健康寿命と平均寿命の違い、伸ばすために必要な基礎知識

 

人が何歳まで生きられるかを統計から予測した「平均寿命」がよく話題になりますが、最近では「健康寿命」の重要性も高まっているようです。今回は、この「健康寿命について詳しく解説し、さらに平均寿命との違いや、健康寿命を延ばすための方法についてお伝えします。

 

目次

健康寿命とは?

健康寿命 どうやって計算しているか?

日本の健康寿命は何年? 2019年は?

世界と比較 日本の特徴は?

健康寿命を伸ばすために 健康寿命の延伸と課題

一人一人でできることから始めよう

 

健康寿命とは?

健康寿命とは

健康寿命とは、比較的最近使われるようになった言葉です。

なるべく長く、健康で自立した生活を送りたい。そのように願うとき、この「健康寿命」はとても大切なキーワードになってきます。

健康寿命の定義

「健康寿命」は国連世界保健機関(WHO)が提唱した新しい寿命の指標で、平均寿命から健康に問題のある期間を差し引いた期間のことです。“健康に問題のある期間”とは、日常生活が制限されてしまうような「寝たきり」「認知症」といった介護が必要になる期間のことです。

 

つまり、「平均寿命」から「寝たきり・認知症などの要介護期間」除いた期間、これが健康寿命ということになります。

 

 

健康寿命 どうやって計算しているか?

健康寿命 どうやって計算しているか

平均寿命と健康寿命は、算出方法も異なります。

平均寿命」は、0歳の時点で何歳まで生きられるか統計から予測した平均余命のことです。

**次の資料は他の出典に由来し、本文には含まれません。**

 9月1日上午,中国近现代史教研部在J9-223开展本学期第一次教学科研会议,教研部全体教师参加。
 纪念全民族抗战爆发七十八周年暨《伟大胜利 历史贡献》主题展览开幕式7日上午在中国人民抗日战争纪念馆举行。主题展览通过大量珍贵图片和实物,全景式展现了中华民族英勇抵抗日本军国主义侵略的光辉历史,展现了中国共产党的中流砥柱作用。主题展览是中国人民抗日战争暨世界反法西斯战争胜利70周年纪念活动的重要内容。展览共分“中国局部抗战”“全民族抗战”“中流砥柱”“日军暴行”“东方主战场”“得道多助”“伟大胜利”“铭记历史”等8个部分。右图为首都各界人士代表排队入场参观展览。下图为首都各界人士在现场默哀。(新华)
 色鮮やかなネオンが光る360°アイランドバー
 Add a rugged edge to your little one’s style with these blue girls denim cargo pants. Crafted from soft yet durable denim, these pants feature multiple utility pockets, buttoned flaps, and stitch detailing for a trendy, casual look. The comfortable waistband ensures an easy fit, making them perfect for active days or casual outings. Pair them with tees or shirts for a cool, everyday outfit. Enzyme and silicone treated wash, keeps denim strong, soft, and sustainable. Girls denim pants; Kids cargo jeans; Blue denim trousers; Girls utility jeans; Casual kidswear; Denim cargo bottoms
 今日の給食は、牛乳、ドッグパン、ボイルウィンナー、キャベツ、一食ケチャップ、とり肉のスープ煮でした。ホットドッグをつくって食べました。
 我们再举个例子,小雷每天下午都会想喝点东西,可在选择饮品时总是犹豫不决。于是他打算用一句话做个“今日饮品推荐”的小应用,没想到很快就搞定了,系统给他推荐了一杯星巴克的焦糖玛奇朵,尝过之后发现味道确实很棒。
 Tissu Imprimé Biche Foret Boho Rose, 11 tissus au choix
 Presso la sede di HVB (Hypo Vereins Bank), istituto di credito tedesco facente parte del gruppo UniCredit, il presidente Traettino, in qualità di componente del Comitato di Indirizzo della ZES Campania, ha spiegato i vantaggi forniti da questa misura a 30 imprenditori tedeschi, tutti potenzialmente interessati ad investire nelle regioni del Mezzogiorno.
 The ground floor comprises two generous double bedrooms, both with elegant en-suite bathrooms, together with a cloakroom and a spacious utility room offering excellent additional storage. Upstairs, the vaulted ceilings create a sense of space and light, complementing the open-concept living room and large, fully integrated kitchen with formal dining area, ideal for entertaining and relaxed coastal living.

「平均寿命」は、1歳まで生き残る人、2歳まで生き残る人、3歳まで生き残る人・・・と、全ての人の「生存数」を用いて計算されます。

 

一方で、「健康寿命」は5歳単位の年齢階級で「健康な人の数」を用いて計算されます。「健康な人」といっても幅広い定義になりますが、健康寿命の算出で使われる「健康な人」とは、厚生労働省国民生活基盤調査による、国民を対象にした無作為抽出調査結果が用いられています。

 

「あなたは現在、健康上の問題で日常生活に何か影響がありますか」という質問に対して、「ない」と回答した人を“健康”とみなして計算されています。

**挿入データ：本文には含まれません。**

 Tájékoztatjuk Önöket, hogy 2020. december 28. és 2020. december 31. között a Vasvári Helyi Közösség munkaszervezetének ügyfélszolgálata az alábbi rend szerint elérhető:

参照:J・STAGE 「HEART’s Selection1 生活習慣から循環器疾患を予防し健康寿命を延伸する 『健康寿命の算定方法と日本の健康寿命の現状』 浜松医科大学 健康社会医学講座 尾島俊之」

 

 

日本の健康寿命は何年? 2019年は?

日本の健康寿命

それでは日本の健康寿命は、何年ぐらいなのでしょうか。健康寿命は、2001年より3年ごとに厚生労働省が公表しています。現時点では2016年のデータが最新で、2019年は推測値になります。

 

健康寿命の最新情報はいつ出る? 2016年からの推移

2016年の健康寿命は、男性が72.14年、女性が74.79(※1)でした。

 

現在公表されている健康寿命はこの2016年までですが、2010年より、平均寿命と健康寿命の差は縮小傾向にあります。2019年の健康寿命は男性が72.68年、女性が75.38年になるという試算(※2)もあります。健康寿命はこの3年間で、男性が0.54年、女性が0.59年延びたことになります。

参照:※1内閣府「平成30年版高齢社会白書
※2 ニッセイ基礎研究所 レポート「2019年健康寿命はさらに延伸~制限がある期間はやや短縮するも、加齢や健康上の問題があっても、制限なく日常生活を送ることができる社会を構築することが重要

 

都道府県別健康寿命

お住いの地域によって、健康寿命に違いはあるものでしょうか?都道府県別の男女別における健康寿命の長さを見てみましょう。

都道府県別健康寿命の表

2016年、健康寿命が長かった都道府県は、山梨県と愛知県。一方で健康寿命が短い都道府県は、徳島県、京都府、奈良県など。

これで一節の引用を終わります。